## The problem:
From the first line of the data below through the line bearing "GRACE KARIN Boatneck", reproduce each line exactly; do not include pictures.

## Data shown:
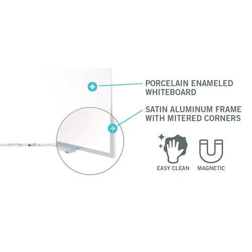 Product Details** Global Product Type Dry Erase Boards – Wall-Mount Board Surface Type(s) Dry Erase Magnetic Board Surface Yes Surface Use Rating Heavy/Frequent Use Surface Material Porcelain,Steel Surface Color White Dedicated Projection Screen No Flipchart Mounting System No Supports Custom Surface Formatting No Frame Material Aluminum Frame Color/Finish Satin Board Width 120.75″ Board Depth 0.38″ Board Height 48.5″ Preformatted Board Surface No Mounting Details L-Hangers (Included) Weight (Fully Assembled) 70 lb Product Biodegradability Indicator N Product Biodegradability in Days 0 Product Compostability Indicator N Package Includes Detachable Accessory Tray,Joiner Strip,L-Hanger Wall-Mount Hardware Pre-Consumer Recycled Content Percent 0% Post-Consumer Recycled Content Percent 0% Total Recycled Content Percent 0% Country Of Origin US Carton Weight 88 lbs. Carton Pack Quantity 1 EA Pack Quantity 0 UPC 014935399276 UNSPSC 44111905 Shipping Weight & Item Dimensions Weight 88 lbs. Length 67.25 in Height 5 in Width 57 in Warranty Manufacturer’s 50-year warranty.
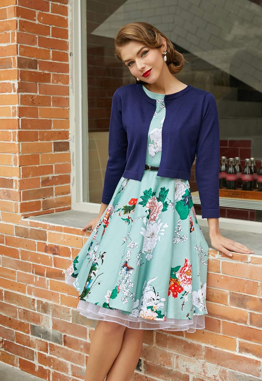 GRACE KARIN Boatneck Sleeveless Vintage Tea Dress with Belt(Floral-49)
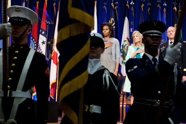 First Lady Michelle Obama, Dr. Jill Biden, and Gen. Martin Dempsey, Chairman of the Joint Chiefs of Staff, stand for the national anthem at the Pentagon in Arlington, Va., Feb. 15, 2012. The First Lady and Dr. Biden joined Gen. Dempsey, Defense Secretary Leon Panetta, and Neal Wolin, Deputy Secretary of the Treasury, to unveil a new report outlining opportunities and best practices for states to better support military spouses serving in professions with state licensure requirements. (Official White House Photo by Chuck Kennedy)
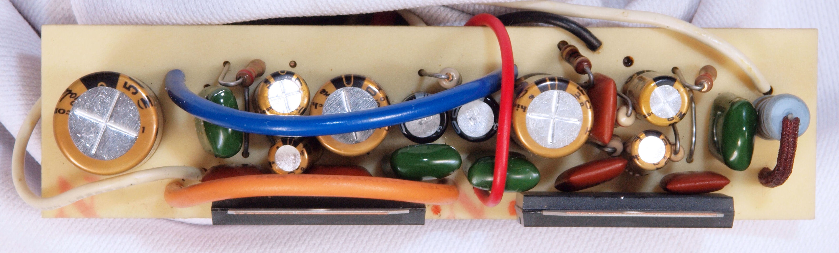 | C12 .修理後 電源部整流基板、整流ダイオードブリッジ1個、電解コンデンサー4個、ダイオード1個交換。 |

## Output:
 Product Details** Global Product Type Dry Erase Boards – Wall-Mount Board Surface Type(s) Dry Erase Magnetic Board Surface Yes Surface Use Rating Heavy/Frequent Use Surface Material Porcelain,Steel Surface Color White Dedicated Projection Screen No Flipchart Mounting System No Supports Custom Surface Formatting No Frame Material Aluminum Frame Color/Finish Satin Board Width 120.75″ Board Depth 0.38″ Board Height 48.5″ Preformatted Board Surface No Mounting Details L-Hangers (Included) Weight (Fully Assembled) 70 lb Product Biodegradability Indicator N Product Biodegradability in Days 0 Product Compostability Indicator N Package Includes Detachable Accessory Tray,Joiner Strip,L-Hanger Wall-Mount Hardware Pre-Consumer Recycled Content Percent 0% Post-Consumer Recycled Content Percent 0% Total Recycled Content Percent 0% Country Of Origin US Carton Weight 88 lbs. Carton Pack Quantity 1 EA Pack Quantity 0 UPC 014935399276 UNSPSC 44111905 Shipping Weight & Item Dimensions Weight 88 lbs. Length 67.25 in Height 5 in Width 57 in Warranty Manufacturer’s 50-year warranty.
 GRACE KARIN Boatneck Sleeveless Vintage Tea Dress with Belt(Floral-49)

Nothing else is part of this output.